_YOUR OBJECTIVE_:
Among the entries that follow, locate the line with "Description: Pink Chevron" and the line with "Platform wedge Mary". Output those lines and all lines in between, exactly, minus the pictures.

___ MATERIALS PROVIDED ___

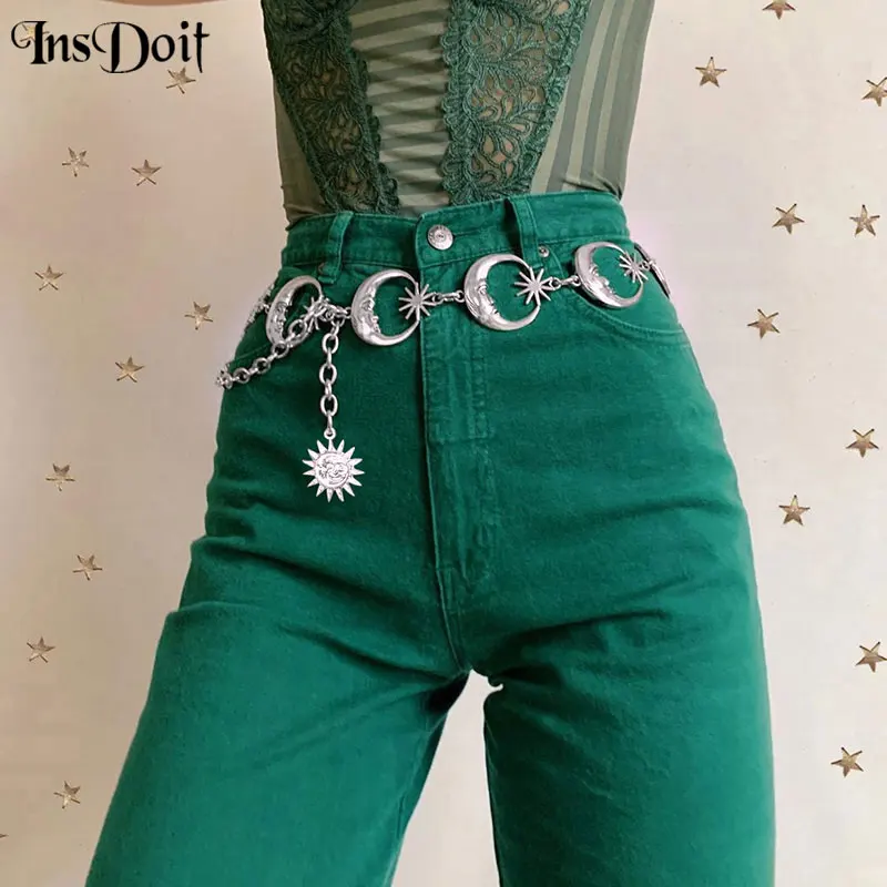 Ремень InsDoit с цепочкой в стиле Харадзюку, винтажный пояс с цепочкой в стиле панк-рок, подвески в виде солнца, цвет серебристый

___
___ MATERIALS PROVIDED ___

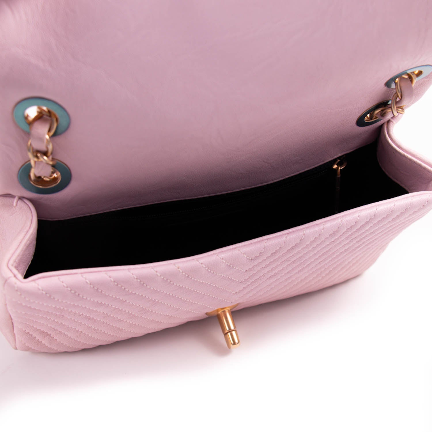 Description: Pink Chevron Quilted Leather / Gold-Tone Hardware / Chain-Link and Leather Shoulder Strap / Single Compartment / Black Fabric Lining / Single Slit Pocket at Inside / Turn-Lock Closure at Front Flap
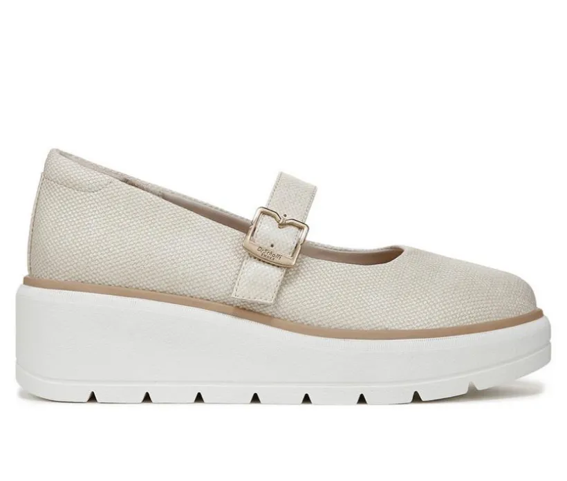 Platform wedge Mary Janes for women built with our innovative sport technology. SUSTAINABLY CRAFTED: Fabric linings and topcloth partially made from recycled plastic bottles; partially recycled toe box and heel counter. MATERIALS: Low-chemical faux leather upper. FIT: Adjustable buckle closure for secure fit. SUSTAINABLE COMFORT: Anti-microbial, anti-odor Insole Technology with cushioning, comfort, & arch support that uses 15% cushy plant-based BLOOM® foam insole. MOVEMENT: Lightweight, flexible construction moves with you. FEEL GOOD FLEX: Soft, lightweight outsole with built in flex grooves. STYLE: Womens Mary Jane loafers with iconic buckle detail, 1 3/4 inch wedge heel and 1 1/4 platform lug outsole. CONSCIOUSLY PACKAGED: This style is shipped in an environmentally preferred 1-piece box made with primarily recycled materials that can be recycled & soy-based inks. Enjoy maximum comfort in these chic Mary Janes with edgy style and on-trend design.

___

_EXERCISE OUTPUT_:
 Description: Pink Chevron Quilted Leather / Gold-Tone Hardware / Chain-Link and Leather Shoulder Strap / Single Compartment / Black Fabric Lining / Single Slit Pocket at Inside / Turn-Lock Closure at Front Flap
 Platform wedge Mary Janes for women built with our innovative sport technology. SUSTAINABLY CRAFTED: Fabric linings and topcloth partially made from recycled plastic bottles; partially recycled toe box and heel counter. MATERIALS: Low-chemical faux leather upper. FIT: Adjustable buckle closure for secure fit. SUSTAINABLE COMFORT: Anti-microbial, anti-odor Insole Technology with cushioning, comfort, & arch support that uses 15% cushy plant-based BLOOM® foam insole. MOVEMENT: Lightweight, flexible construction moves with you. FEEL GOOD FLEX: Soft, lightweight outsole with built in flex grooves. STYLE: Womens Mary Jane loafers with iconic buckle detail, 1 3/4 inch wedge heel and 1 1/4 platform lug outsole. CONSCIOUSLY PACKAGED: This style is shipped in an environmentally preferred 1-piece box made with primarily recycled materials that can be recycled & soy-based inks. Enjoy maximum comfort in these chic Mary Janes with edgy style and on-trend design.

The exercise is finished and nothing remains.